Ed infatti, il ritiro di un atto che ha ormai prodotto integralmente i suoi effetti può essere alternativamente letto solo come un riesame demolitorio con effetto ex tunc, o come una nuova determinazione provvedimentale che ripristini in via autonoma lo status quo ante, ma non di certo come la revoca in precedenza descritta.

È innegabile che un provvedimento di ritiro che rimuova un atto che ha iniziato ed esaurito i propri effetti, ad onta di un’affermata irretroattività, non possa che operare con un effetto concretamente retroattivo nella realtà giuridica.

Difficile allora concepire un dialogo tra l’art. 21 quinquies e atti ad effetto istantaneo, salvo voler relazionare il potere di revoca autenticamente inteso non già all’atto precedente, ma all’assetto fattuale che ne è scaturito e si è protratto nel tempo, ovvero, seguendo la classificazione precedente, a quegli atti istantanei che si collocano pur sempre in una dimensione temporale. Non meno dirompente è stata l’introduzione di un possibile collegamento del potere di revoca con fattispecie negoziali, in cui maturano posizione soggettive che assumono lo spessore del diritto soggettivo, ben oltre l’interesse legittimo che solitamente si confronta con il potere di autotutela. Come si analizzerà di seguito, la semplicità della disposizione riformata nel 2008 non rispecchia affatto il panorama giuridico ed empirico, giacché la dialettica tra revoca in autotutela e vicende contrattuali appare quanto mai tormentata, soprattutto circa la stessa ammissibilità di tale relazione.
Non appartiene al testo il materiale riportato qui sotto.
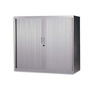Armoire Basse Métal Monobloc Corps Et Rideaux Silver 2 Tablettes - Dim. 120X105X43cm

L’unico requisito, non menzionato ma sotteso all’art. 21 quinquies l. n. 241/90, che resta tendenzialmente indiscusso riguarda la natura discrezionale e non vincolata del provvedimento originario.

I presupposti che legittimano il potere di revoca, sia nel caso di sopravvenienze, che per jus poenitendi richiedono per loro natura l’esistenza di uno spazio di discrezionalità nel perseguimento dell’interesse pubblico, in cui la p.a. si è inizialmente mossa e di si rende necessaria una nuova valutazione.
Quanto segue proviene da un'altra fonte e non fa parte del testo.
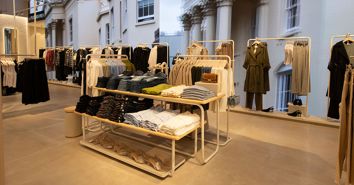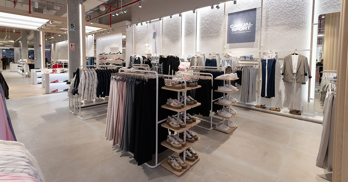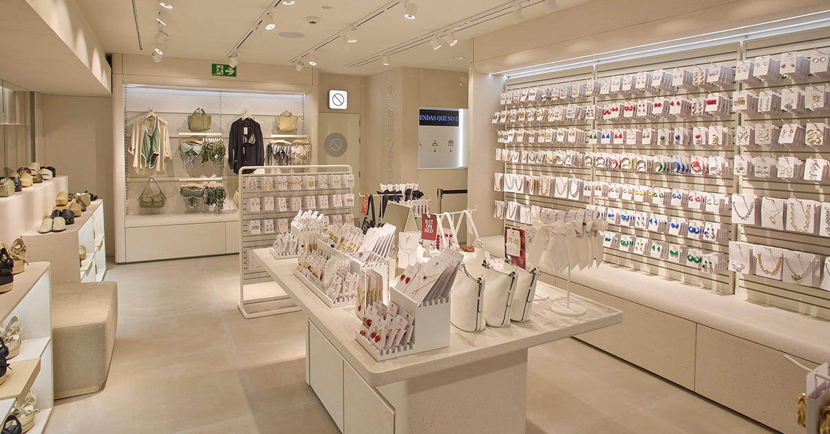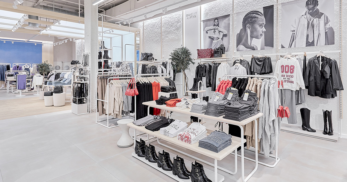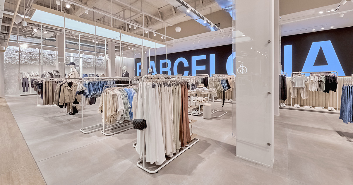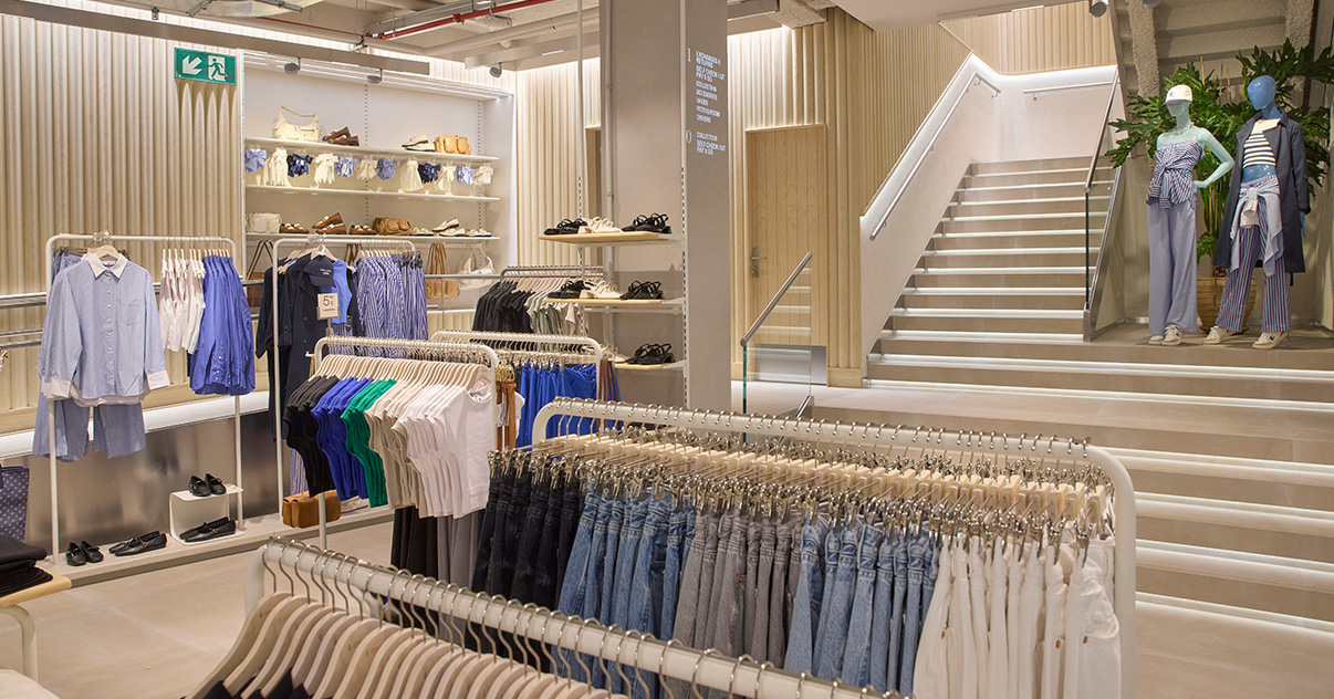 Nuestras tiendas están diseñadas para que moda y experiencia converjan. Si bien su diseño evoluciona para adaptarse a las necesidades de cada momento, nuestro concepto WAVE responde a una estética minimalista, de formas y acabados redondeados y con una paleta de blancos, grises y beiges.

Secondo l’orientamento prevalente, infatti, la revoca fondandosi su vizi di inopportunità originaria o sopravvenuta, attiene al merito dell’azione amministrativa, e dunque ad un predicato riferibile solo agli atti di natura discrezionale.
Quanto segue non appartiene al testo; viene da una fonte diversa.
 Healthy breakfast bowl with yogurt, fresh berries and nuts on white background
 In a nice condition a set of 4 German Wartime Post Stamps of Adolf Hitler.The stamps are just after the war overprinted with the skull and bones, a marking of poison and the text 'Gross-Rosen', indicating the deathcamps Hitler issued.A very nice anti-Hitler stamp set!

Non mancano, ad ogni modo, voci minoritarie che considerano la revoca esperibile anche a fronte di atti vincolati, dovendosi distinguere tra le varie ipotesi disciplinate dall’art. 21 quinquies l. n. 241/90: il ritiro del provvedimento per un mutamento della situazione di fatto rappresenta, infatti, una circostanza che ben può riferirsi anche agli atti vincolati, qualora si verifichino sopravvenienze che alterino la base fattuale su cui sono stati emanati, dovendosi riservare agli atti discrezionali le diverse fattispecie di revoca per nuova valutazione dell’interesse originario o per sopravvenuti motivi di interesse pubblico.